我们尝试在网络初始权重方面进行演化(与Hebbian系数同步),而不是在每轮中随机初始化。具体做法是两次采样正态噪声(算法2,步骤5来自[44]),并计算所得解对(Hebbian系数,初始权重)的适应度。令人意外的是,这并未提升智能体的训练效率(图9)。此外,我们发现CarRacing环境中共同演化初始条件的实验更容易陷入局部最优:3次运行中有2次找到了性能良好的网络(至少800奖励),而第三次运行则停滞在低性能状态(奖励不足100)。这一现象可能源于共同演化给ES算法带来的额外难度,以及初始权重与Hebbian系数双重彩票初始化机制[68]的影响。不过,该系统的其他实现方式或许能产生更好结果,且在小型网络中同时演化连接Hebbian系数与学习规则已展现出潜力[45, 13, 66]。

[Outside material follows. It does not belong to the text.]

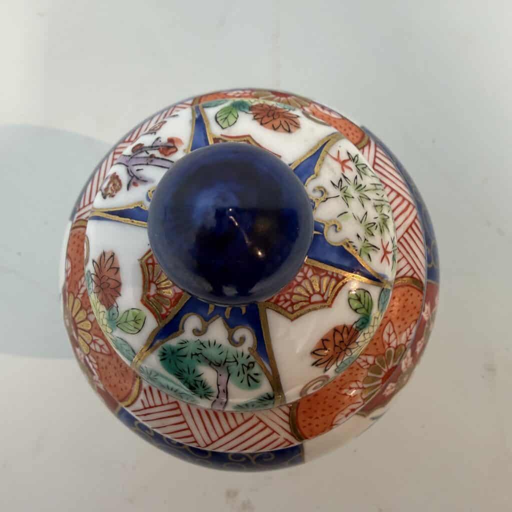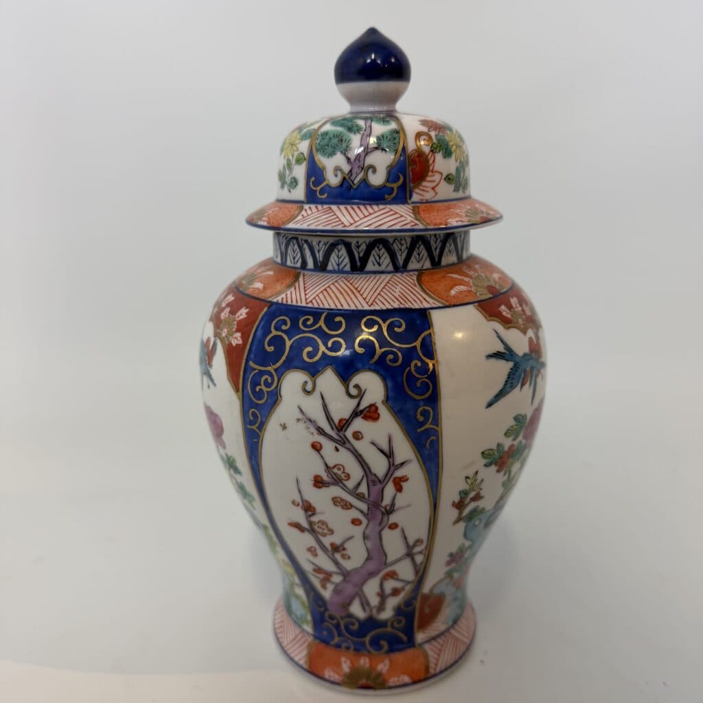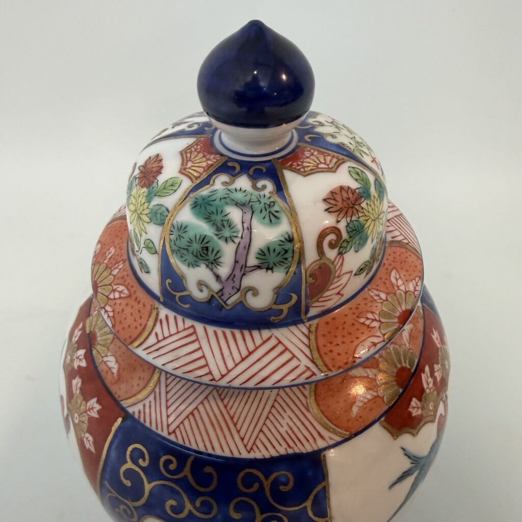 Lidded vase in classic Imari style, the typical combination of cobalt blue, iron red and gold on a white porcelain background creates a beautiful colour palette.

Figure 9: Training curves of the Hebbian networks for the quadruped environments. We show that initializing the network with random weights at each episode and co-evolving the initial weights lead to similar results. Curves are averaged over three evolutionary runs.
图 9: 四足机器人环境中赫布网络 (Hebbian networks) 的训练曲线。实验表明,在每轮训练中随机初始化网络权重并协同进化初始权重可获得相似结果。曲线为三次进化运行的平均值。

Figure 10: Distribution of Hebbian coefficients for the Hebbian network solutions of the quadrupeds (left) and the racing car (right).
图 10: 四足机器人(左)和赛车(右)的赫布网络解中赫布系数分布。